EXERCISE DESCRIPTION
Print the lines exactly. Start at the first line of the material below, end with the line that contains "關鍵字:電動汽車板型熔斷器HCL 80VDC Road", and skip all pictures.

---

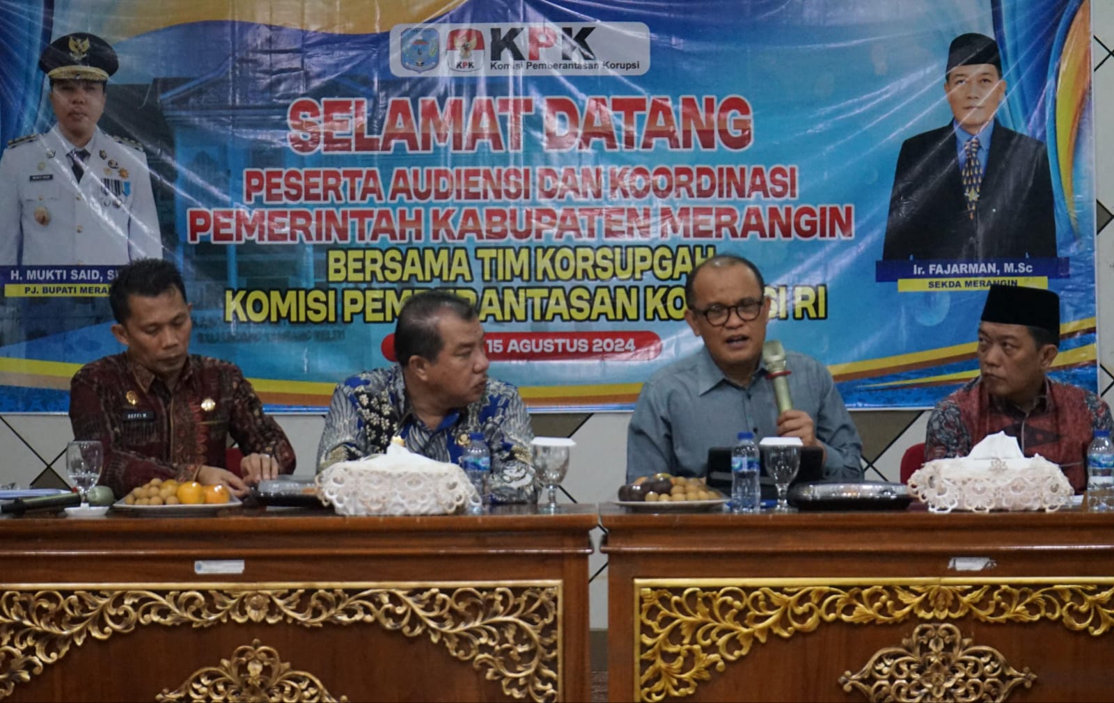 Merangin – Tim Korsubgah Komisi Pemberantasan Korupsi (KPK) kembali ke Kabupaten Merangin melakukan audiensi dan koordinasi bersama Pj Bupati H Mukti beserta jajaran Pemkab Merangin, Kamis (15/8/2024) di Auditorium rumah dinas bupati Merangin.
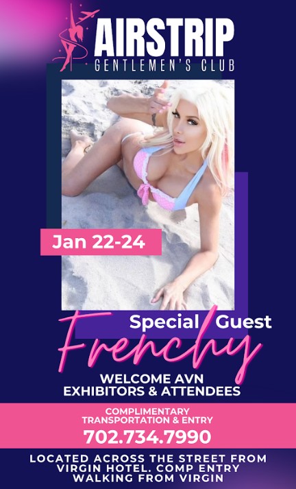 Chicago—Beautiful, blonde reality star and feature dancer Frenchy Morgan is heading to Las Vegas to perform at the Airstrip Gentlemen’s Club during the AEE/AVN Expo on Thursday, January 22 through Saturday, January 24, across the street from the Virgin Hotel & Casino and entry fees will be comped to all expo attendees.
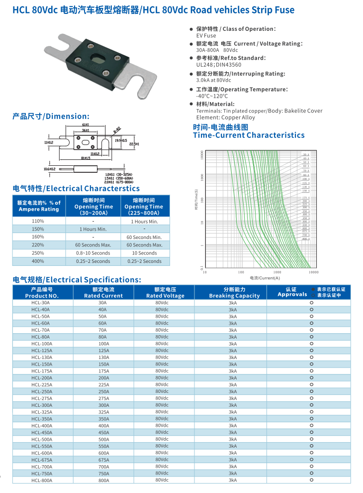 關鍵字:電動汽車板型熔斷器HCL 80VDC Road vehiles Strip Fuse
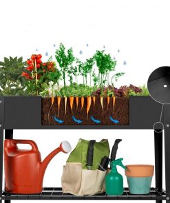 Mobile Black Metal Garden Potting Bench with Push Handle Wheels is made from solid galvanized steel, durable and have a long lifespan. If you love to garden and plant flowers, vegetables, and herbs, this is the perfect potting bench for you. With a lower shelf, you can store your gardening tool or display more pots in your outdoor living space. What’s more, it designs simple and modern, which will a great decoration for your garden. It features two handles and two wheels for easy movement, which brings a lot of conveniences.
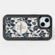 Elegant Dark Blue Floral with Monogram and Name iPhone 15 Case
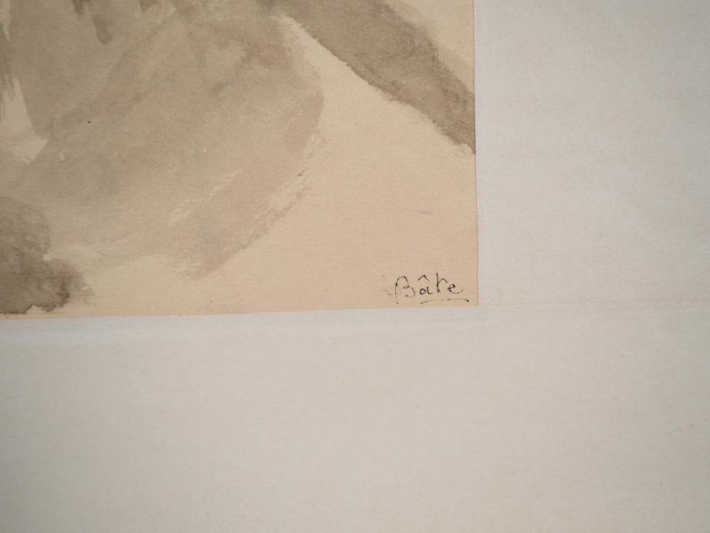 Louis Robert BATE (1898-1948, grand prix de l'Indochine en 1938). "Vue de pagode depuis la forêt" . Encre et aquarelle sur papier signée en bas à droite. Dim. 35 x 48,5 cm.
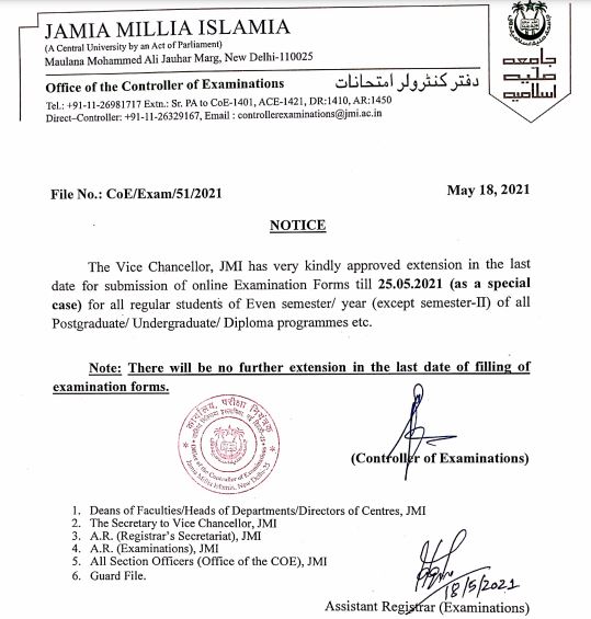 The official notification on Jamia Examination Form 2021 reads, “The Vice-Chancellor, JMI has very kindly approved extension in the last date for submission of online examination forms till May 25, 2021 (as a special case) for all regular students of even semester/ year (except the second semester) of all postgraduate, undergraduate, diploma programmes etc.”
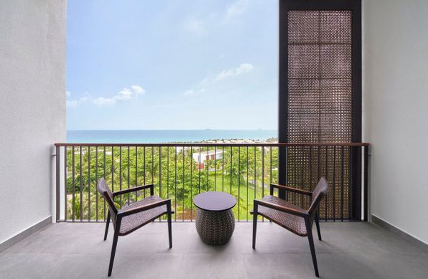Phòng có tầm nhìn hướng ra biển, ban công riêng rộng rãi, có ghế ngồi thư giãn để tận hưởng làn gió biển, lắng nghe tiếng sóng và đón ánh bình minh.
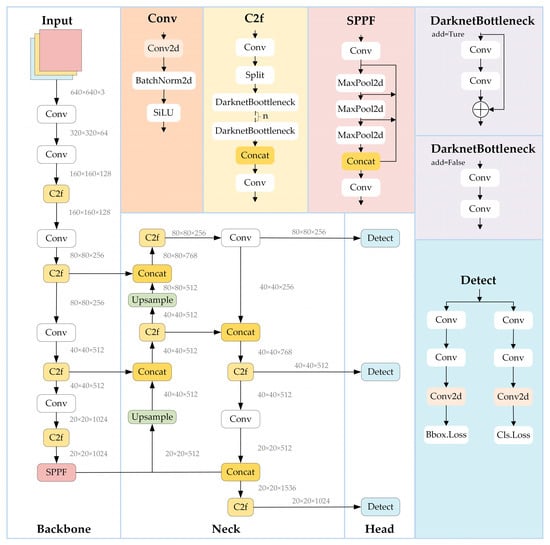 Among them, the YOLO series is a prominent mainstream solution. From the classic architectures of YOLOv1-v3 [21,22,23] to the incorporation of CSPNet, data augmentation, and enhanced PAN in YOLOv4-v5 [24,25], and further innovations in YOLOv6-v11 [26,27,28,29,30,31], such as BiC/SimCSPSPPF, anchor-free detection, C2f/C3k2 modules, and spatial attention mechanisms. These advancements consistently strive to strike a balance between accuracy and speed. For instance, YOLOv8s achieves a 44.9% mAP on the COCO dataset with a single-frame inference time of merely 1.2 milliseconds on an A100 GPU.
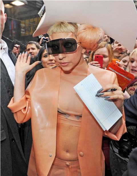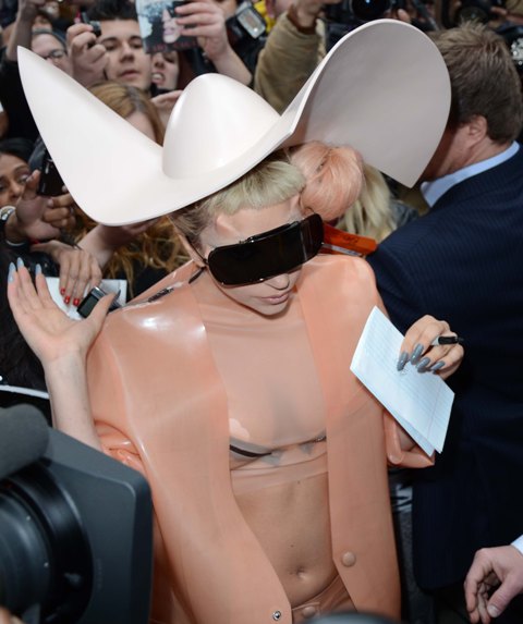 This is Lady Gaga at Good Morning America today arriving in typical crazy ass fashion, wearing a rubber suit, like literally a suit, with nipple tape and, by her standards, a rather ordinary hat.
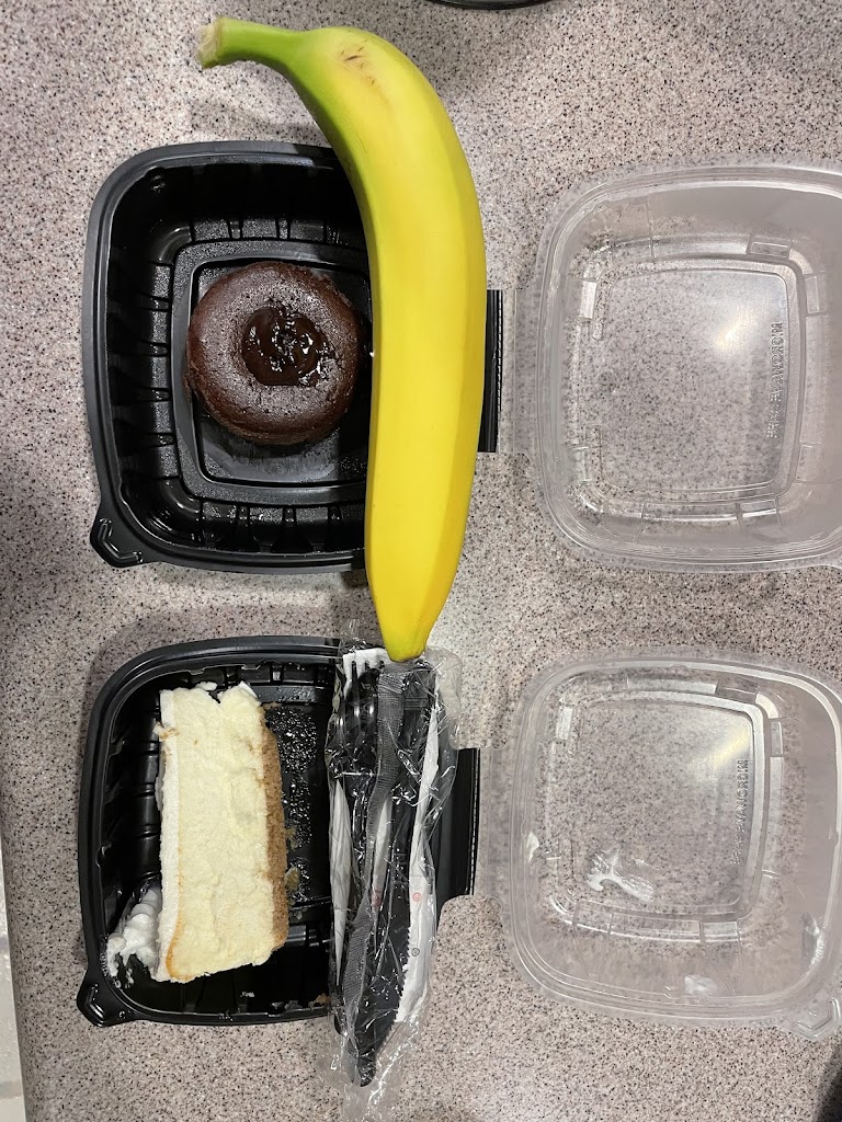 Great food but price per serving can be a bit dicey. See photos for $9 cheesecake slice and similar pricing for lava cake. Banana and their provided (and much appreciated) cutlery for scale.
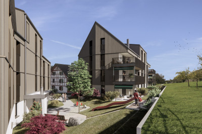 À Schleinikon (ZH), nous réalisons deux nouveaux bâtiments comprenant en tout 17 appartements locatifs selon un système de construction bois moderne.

---

SOLUTION BELOW
 Merangin – Tim Korsubgah Komisi Pemberantasan Korupsi (KPK) kembali ke Kabupaten Merangin melakukan audiensi dan koordinasi bersama Pj Bupati H Mukti beserta jajaran Pemkab Merangin, Kamis (15/8/2024) di Auditorium rumah dinas bupati Merangin.
 Chicago—Beautiful, blonde reality star and feature dancer Frenchy Morgan is heading to Las Vegas to perform at the Airstrip Gentlemen’s Club during the AEE/AVN Expo on Thursday, January 22 through Saturday, January 24, across the street from the Virgin Hotel & Casino and entry fees will be comped to all expo attendees.
 關鍵字:電動汽車板型熔斷器HCL 80VDC Road vehiles Strip Fuse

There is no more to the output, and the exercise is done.